Here are some tips for preventing disease after 50:
Maintain a healthy, balanced diet. “In case of diabetes, a simple food rebalancing associated with the practice of an adapted physical activity is very often enough to stabilize blood sugar.“, resumes Aline Victor. Eat properly and enough at each meal.

Stay active : Regular exercise can help maintain a healthy weight, reduce the risk of chronic diseases such as heart disease, diabetes and osteoporosis, and improve quality of life.

► Make regular health checks.

Avoid tobacco and alcohol : Tobacco increases the risk of chronic diseases such as heart disease, cancer and lung disease.

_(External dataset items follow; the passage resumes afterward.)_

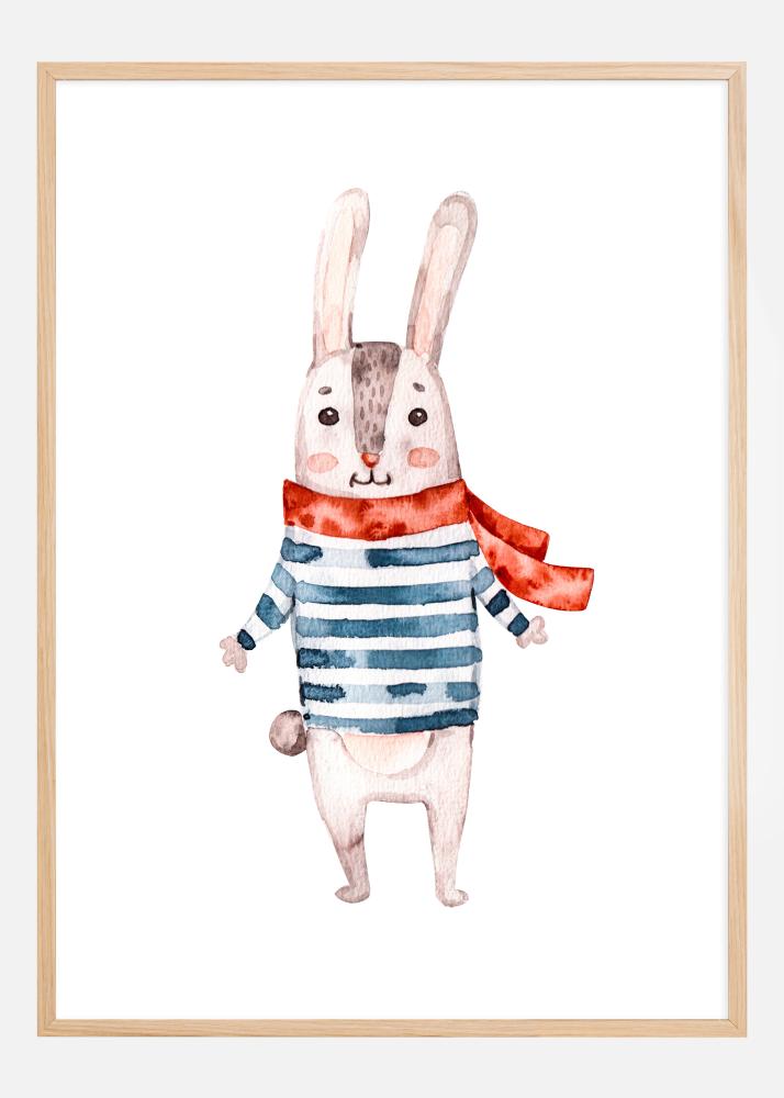 Šis žavus plakatas vaizduoja džiugią triušį, apsirengusį dryžuotu megztiniu ir plazdančiu raudonu šaliku. Triušio šilta šypsena ir žaisminga laikysena spinduliuoja džiaugsmą ir nekaltumą, sukurdami širdingą ir kviečiantį jausmą. Iliustracija, atlikta švelniais akvarelių tonais, suteikia lengvumo ir paprastumo, kuris sukuria jaudinančią ir nostalgišką efektą.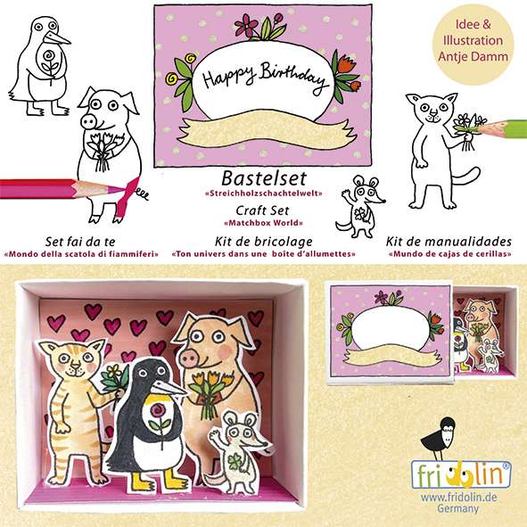 Kreativität ist gefragt, denn du gestaltest die Schachtel und den Inhalt selber. Aber keine Angst: du bekommst Hilfe. Vorlagen und vorgestanzte Figuren unterstützen dich beim Erstellen. Du brauchst diese nur noch auszumalen, zu beschriften und zusammenzustellen. Schon entsteht eine eigene kleine Welt mit niedlichen Figuren.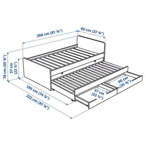 IKEA säng med extra utdragbar säng och förvaringslådor

Limit your alcohol intake : Excessive alcohol consumption can increase the risk of chronic diseases such as heart disease, liver disease and certain cancers.

Monitor your blood pressure and cholesterol levels. Excessive salt consumption can promote hypertension. “In France, salt consumption is 8 to 12g/day where it should be 5-6g, notes Aline Victor. Industrial ready meals, cold meats, cheese, bread, aperitif biscuits, preserves are products that are very high in salt. If your diet is rich in these products and you tend to re-salt all your dishes, it is very likely that you are eating too much salt.

Thanks to Sarah Marin-Maire, dietitian nutritionist and co-founder of Make Me Healthy, to Dr Victoria Tchaikovsky, sports doctor at Clinique Drouot (Paris 9th) and Compex expert, and to Aline Victor, nutritional strategy advisor and head of Nutrition project for Nutrisens.